Okay, so I’ve been messing around with SaltStack lately, and more specifically, the Salt API. It’s pretty cool for automating stuff, but I wanted to get a handle on how “heavy” it is – like, how much bandwidth it uses when I’m making calls to it. So, I did a little experiment, and here’s how it went down.
Getting Started
First, I needed to have Salt and the Salt API up and running. Thankfully, I already had a master and a minion set up for some other projects. If you don’t, you’ll need to get that sorted first. There are tons of guides online for that part, so I won’t bore you with the details here.
Making Some Calls
Next, I used a pretty simple `curl` command to ping the minion. This is about the most basic thing you can do with the Salt API. I wanted to see the raw size of the response. My command looked something like this:
It is important to note that I am testing with a simple execution, and testing on an enviroment that has only my test minion and the salt master server.
curl -sSk https://your_salt_master:8000/
-H 'Accept: application/x-yaml'
-H 'X-Auth-Token: your_token'
-d client='local'
-d tgt='your_minion'
-d fun='*'
I swapped out `your_salt_master`, `your_token`, and `your_minion` with my actual values. I used YAML for the output because it’s fairly easy to read.
Checking the Size
Now for the important part! Instead of just looking at the output, I wanted to measure the size. I did this on my local machine and tested the response size. Here’s the command.

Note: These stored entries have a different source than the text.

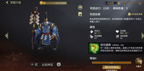 3、旭日:前期比较瓜,拥有最强的星星强化速度,缺点是基本没有几个能加数量的兵种,而且三本骑兵弟中弟,不会冲锋跑的慢伤害一般,只适合有数量加持的指挥官使用,你玩什么琴师亲王指挥官,玩旭日,就会发现自己星星很高,但没几个人,被人爆杀
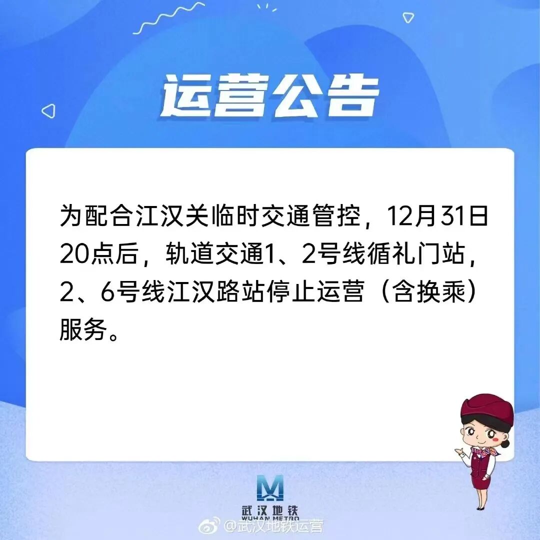记者从武汉地铁运营公司获悉,为配合江汉关临时交通管控,12月31日20点后,轨道交通1、2号线循礼门站,2、6号线江汉路站停止运营(含换乘)服务。
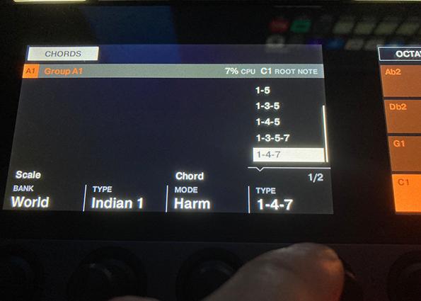 Die verfügbaren Typen entscheiden über die Zusammensetzung der Akkorde. Neben einer einfachen Oktavierung oder einem Grundton-Quinte-Modus (1-5), können Sie hier zusätzlich zwischen 1-3, 1-3-5, 1-4-5, 1-3-5-7, 1-4-7 wählen. In unserem Fall passte eine 1-3-5 Zusammensetzung am besten. Auf jedem Pad liegt nun ein Akkord, der zu der von Ihnen gewählten Skala passt.
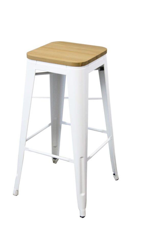 WHITE XAVIER BARSTOOL (WITH WOODEN SEAT) FOR HIRE
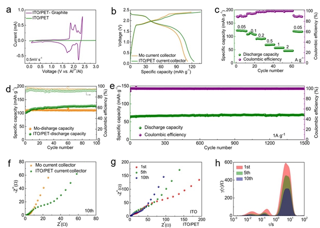 圖2. 電化學性能。(a) 涂有石墨活性材料的ITO/PET集流體作為正極,組裝鋁離子電池的CV曲線(紫色),純ITO/PET集流體的CV曲線(綠色)。(b)在電流密度為50 mA g?1的情況下,使用石墨涂層的Mo和ITO/PET集流體的全電池的恒流充放電曲線。(c)使用ITO/PET集流體的全電池在不同電流密度下的比放電容量。(d)基于Swagelok器件,在50 mA g?1條件下的Mo和ITO/PET集流體的全電池循環性能的比較。(e)使用ITO/PET集流體進行全電池長循環穩定性測試(1A g?1)。(f)利用Mo和ITO/PET集流體測試的交流阻抗圖譜。(g)使用ITO/PET集流體,全電池在不同循環周期的EIS交流阻抗圖譜。(h)利用ITO/PET集流體對不同狀態的全電池EIS數據的DRT(弛豫時間分布)分析。
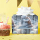 A snowman warmly embraces a snow-covered fox both surrounded by a serene winter forest
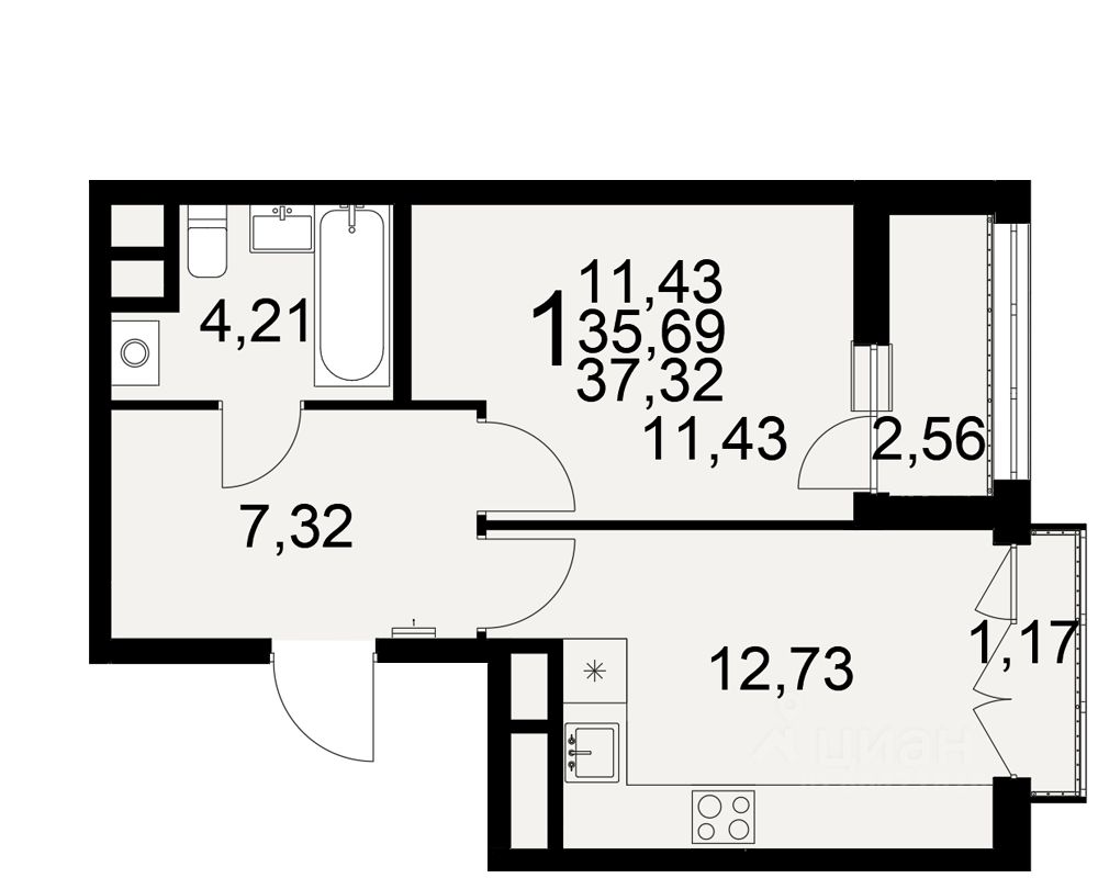 Общая площадь37,32 м²

curl -sSk https://your_salt_master:8000/
-H 'Accept: application/x-yaml'
-H 'X-Auth-Token: your_token'
-d client='local'
-d tgt='your_minion'
-d fun='*' -w '%{size_download}'
That `%{size_download}` part is the magic. It tells `curl` to print out the size of the downloaded data in bytes.
The Results
When I ran that, I got a number back… something like 145. This number is pretty important, This number might seem big, it all really depends, it told me that a simple `*` response, in YAML format, was about 145 bytes. Your mileage may vary, of course, depending on your setup and what you’re asking the minion to do.